The generalized eigenvalue problem is a mathematical problem that arises in many areas of science and engineering. It is a generalization of the standard eigenvalue problem, where we seek the eigenvalues and eigenvectors of a square matrix. In the generalized eigenvalue problem, we consider two square matrices \(\symbf{A}\) and \(\symbf{B}\), and we seek the eigenvalues \(\lambda\) and eigenvectors \(\symbf{x}\) that satisfy the equation

\[\begin{equation}\label{eq:gen_eig} \symbf{A}\symbf{C}=\symbf{B}\symbf{C}\symbf{\Lambda}, \end{equation}\]

where \(\symbf{C}\) is a matrix of eigenvectors and \(\symbf{\Lambda}\) is a diagonal matrix of eigenvalues. The quick way to solve the generalized eigenvalue problem is to transform it into a standard eigenvalue problem by multiplying both sides of the equation by the inverse of \(\symbf{B}\) as

\[\begin{equation} \symbf{B}^{-1}\symbf{A}\symbf{C}=\symbf{C}\symbf{\Lambda}. \end{equation}\]

This method is not always numerically stable, especially when the matrices \(\symbf{A}\) and \(\symbf{B}\) are ill-conditioned. Should you try to use this method for the Roothaan equations in the Hartree–Fock method, you would find that the solution is is not correct. A more stable approach is to modify the equation \eqref{eq:gen_eig} as

\[\begin{align} \symbf{A}\symbf{C}&=\symbf{B}\symbf{C}\symbf{\Lambda}\nonumber \\ \symbf{B}^{-\frac{1}{2}}\symbf{A}\symbf{C}&=\symbf{B}^{\frac{1}{2}}\symbf{C}\symbf{\Lambda}\nonumber \\ \symbf{B}^{-\frac{1}{2}}\symbf{A}\symbf{B}^{-\frac{1}{2}}\symbf{B}^{\frac{1}{2}}\symbf{C}&=\symbf{B}^{\frac{1}{2}}\symbf{C}\symbf{\Lambda}, \end{align}\]
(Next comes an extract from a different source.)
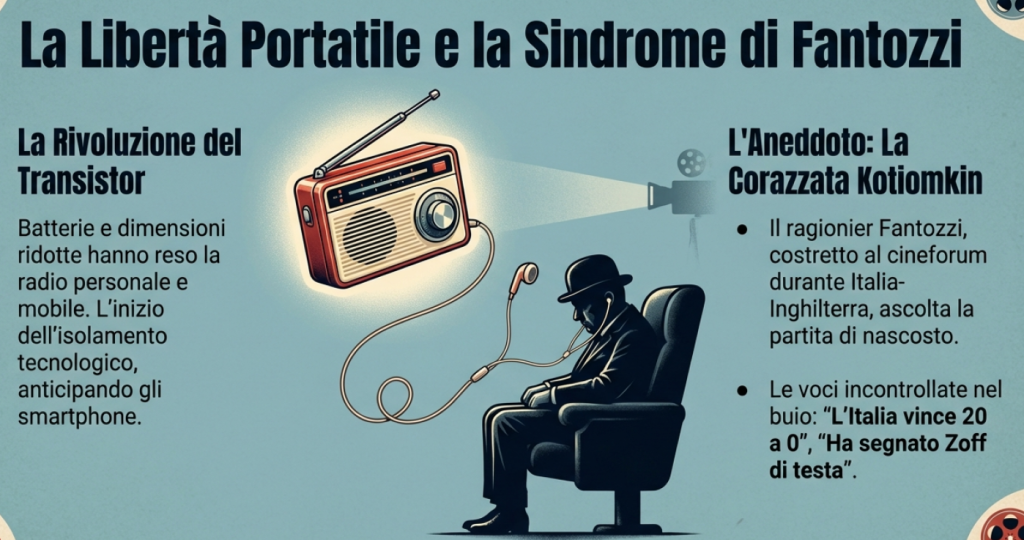 Si trattava, per intenderci, di quel tipo di radiolina che il ragionier Fantozzi (interpretato dal mio concittadino Paolo Villaggio) si fece sequestrare stoltamente quando fu costretto ad assistere al film “La corazzata Kotiomkin” anziché godersi la partita Italia-Inghilterra: «nel buio della sala correvano voci incontrollate e pazzesche. Si diceva che l’Italia stava vincendo sull’Inghilterra per 20 a 0 e che aveva segnato anche Zoff di testa, su calcio d’angolo».

where we solve the standard eigenvalue problem for the matrix \(\symbf{B}^{-\frac{1}{2}}\symbf{A}\symbf{B}^{-\frac{1}{2}}\) and obtain the eigenvectors \(\symbf{B}^{\frac{1}{2}}\symbf{C}\) and eigenvalues \(\symbf{\Lambda}\). The eigenvectors of the original problem are then given by \(\symbf{C}=\symbf{B}^{-\frac{1}{2}}\symbf{B}^{\frac{1}{2}}\symbf{C}\) and the eigenvalues are the same.